Olawale Salaudeen, Nicole Chiou, Oluwasanmi Koyejo

Published

December 1, 2024

NeurIPS 2024 Causal Representation Learning Workshop. Oral Presentation.

ColoredMNIST correlation plots

Correlations between model performance In-Distribution vs. Out-of-Distribution on ColoredMNIST variations.

A Quick Intuition: Causal vs Spurious Features

Imagine we train a model on an MNIST dataset where color correlates with label (e.g., red means “digits > 5”). If that correlation flips in a new environment, a model that understands the true causal features—the digits—should still generalize. A model that just learned to use color as a shortcut won’t. It can fail spectacularly.

This is the core tension:

  • Causal features: reflect mechanisms that truly govern the outcome
  • Spurious features: correlate with the outcome only in a specific context

Domain generalization benchmarks are often treated as evidence tests for causal representation learning. The underlying assumption is simple: if a model performs better out of distribution across a small set of shifted environments, it must be relying on causal features rather than spurious ones. However, this assumption only holds if the domain shifts actually disrupt spurious correlations. When they do not, improved OOD performance can arise without any causal reasoning at all. Understanding when—and whether—domain generalization benchmarks truly enforce this distinction is the focus of our study.

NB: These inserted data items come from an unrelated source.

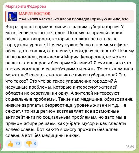 «Этот «свободный форум» заводили на период выборов, когда важно было продемонстрировать близость Марии Федоровны к народу. Ключевая цель изначально состояла не в том, чтобы быть близкой к народу, но казаться таковой. Со временем чат превратился в квазидиспетчерскую службу, где чиновники из разных отделов, департаментов и местных администраций в режиме 24/7 отвечали на вопросы граждан. Всё это, разумеется, чрезмерно утомляло местную бюрократию, но деваться им было некуда», — отмечает наш эксперт.
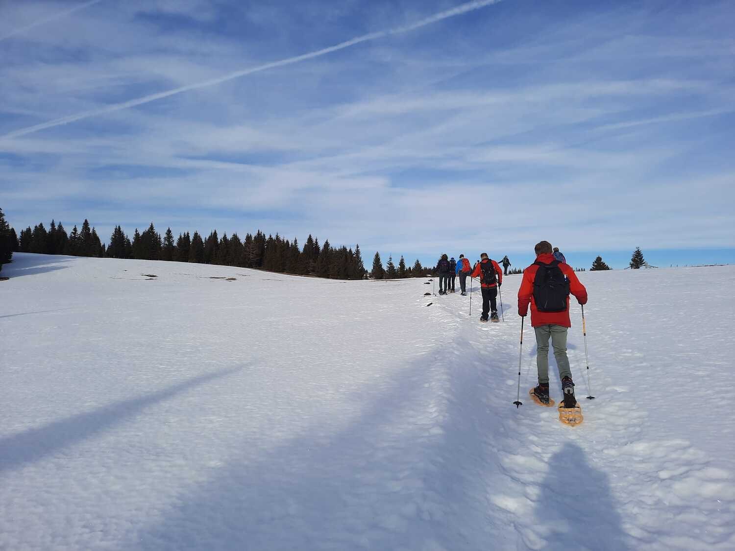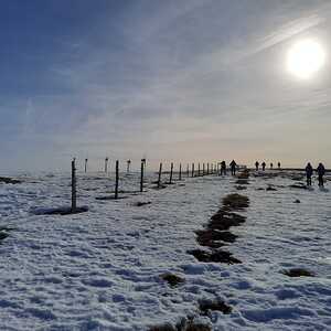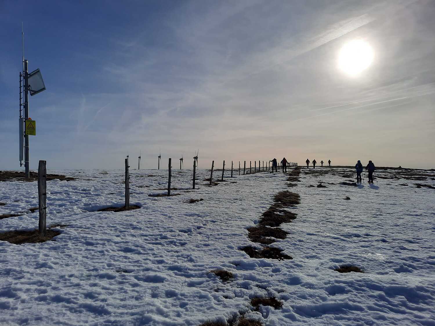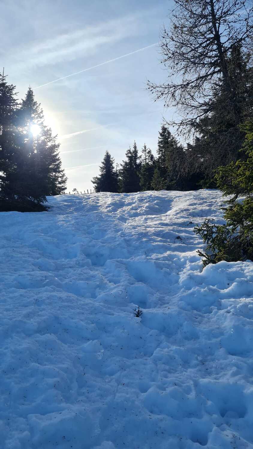 Wir trafen uns um 9 Uhr bei der Rehbockhütte auf 1.373 m und gingen Richtung Handalm/Weinebene, wegen Schneemangel zuerst noch ohne Schneeschuhe, vorbei am Hochmoor See Eben entlang der Grenze Steiermark - Kärnten.
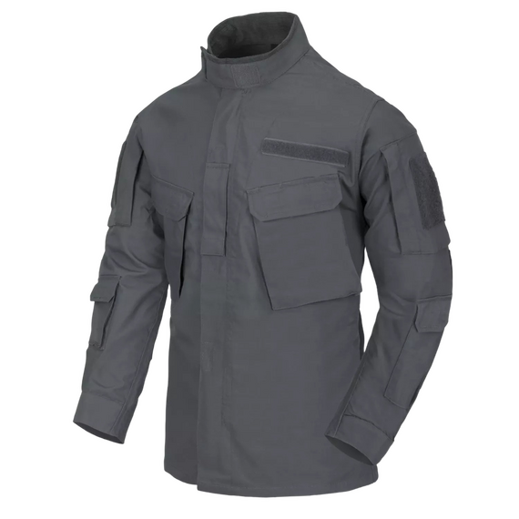 Военная футболка с высоким воротом оснащена множеством инновационных элементов, таких как отверстия для крепления фонарей, специальные карманы для защиты и молнии YKK, обеспечивающие доступ к переносимому снаряжению. Существенным преимуществом военной полевой куртки является наличие шести карманов, которые закрываются на липучки или молнии и расположены как спереди, так и на плечах.
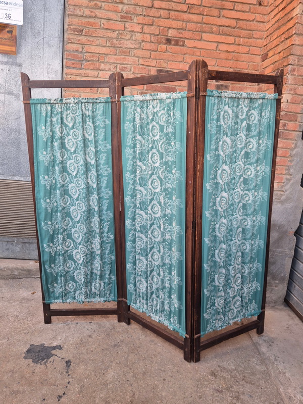 Biombo 3hojas Madera Textil Azul
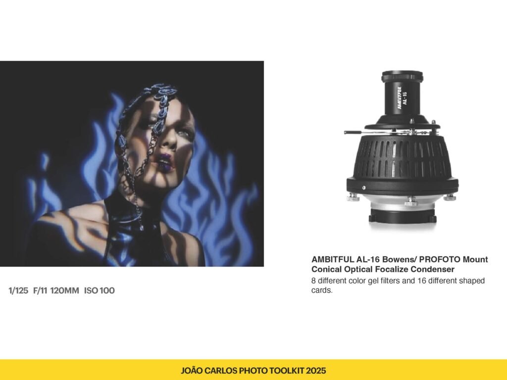 One of my favorite tools for adding drama and precision. This optical snoot-style condenser comes with 8 colored gels and 16 gobos, allowing me to project patterns or shapes with incredible focus. It’s perfect for creative portraits or theatrical lighting.
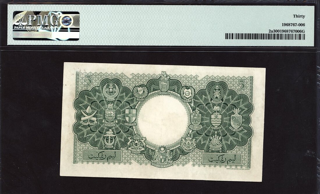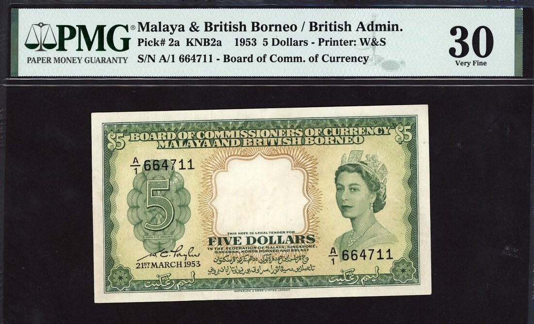 Board of Commissioners of Currency, Malaya and British Borneo, $5, 21 March 1953, serial number A/1 664711, (Pick 2a, TBB B102a), in PMG holder 30 Very Fine, first prefix
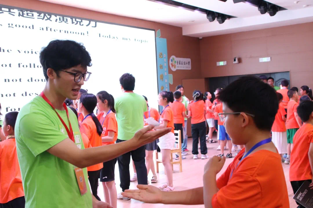 下午,“最强大脑”亚洲记忆女王罗兴钊为学员们带来团队活动:演说力训练。以团队的形式让学员与志愿者们一起合作英语演说,志愿者们一对一教孩子们英语演讲时的手势,帮助他们纠正发音。学员们沉浸在这独具匠心的课堂里,迫不及待的向志愿者们展示刚刚学习的英文演讲,团队活动让他们的心更加紧密的联系在一起。
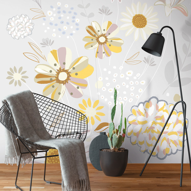 Apportez fraîcheur et élégance à vos murs avec ce papier peint panoramique pas cher Les Greys Flowers de AS Creation. De grandes fleurs multicolores s’épanouissent sur un fond gris subtil, créant une atmosphère poétique et lumineuse dans votre intérieur.
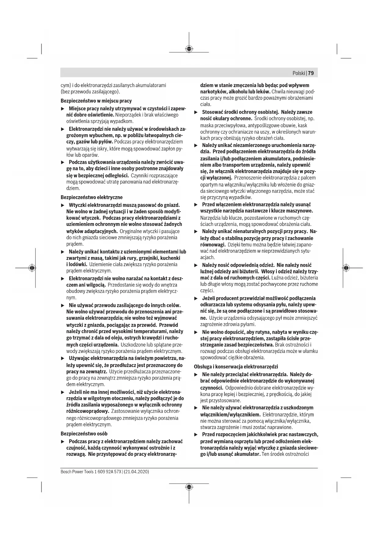 silanych energią elektryczną z sieci (z przewodem zasilają- 1 609 92A 57X | (21.04.2020) Bosch Power ToolsPolski | 79
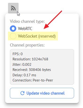 You can also switch the channel during an active session. Open the channel settings panel, select WebSocket, and the system will remember this preference — it will be used by default for future connections to this device.

When DG Does Signal Causal Learning

We derive theoretical conditions under which a DG benchmark can reliably differentiate between causal and non-causal models. In essence, for DG to be a good proxy for causal learning:

  • Spurious correlations must reverse across environments. That is, some patterns that helped in training should hurt in testing.
  • The signal-to-noise of spurious features must shrink in the new environment. If the spurious signal is aligned and sufficiently strong, the shortcut can still thrive in new environments.

Accuracy on the (Wrong) Line as a Test

A striking empirical fact is that many widely used domain generalization benchmarks exhibit accuracy on the line, where ID and OOD accuracy are nearly linear across models. Turns out that accuracy on the line is a test for the types of datasets we want to avoid for evaluating causal representation learning.

Here’s the twist:

Benchmark with accuracy on the line = Benchmark that cannot evaluate causal learning

Only in rare configurations do domain generalization benchmarks produce an inverse line—where a model performs better OOD precisely because it ignores spurious features.

Spurious correlations are a real-world phenomenon that harm model performance, especially in safety-critical domains. Causal representations are critical. However, the construction of benchmarks for methods that give causal representation requires nuance and care.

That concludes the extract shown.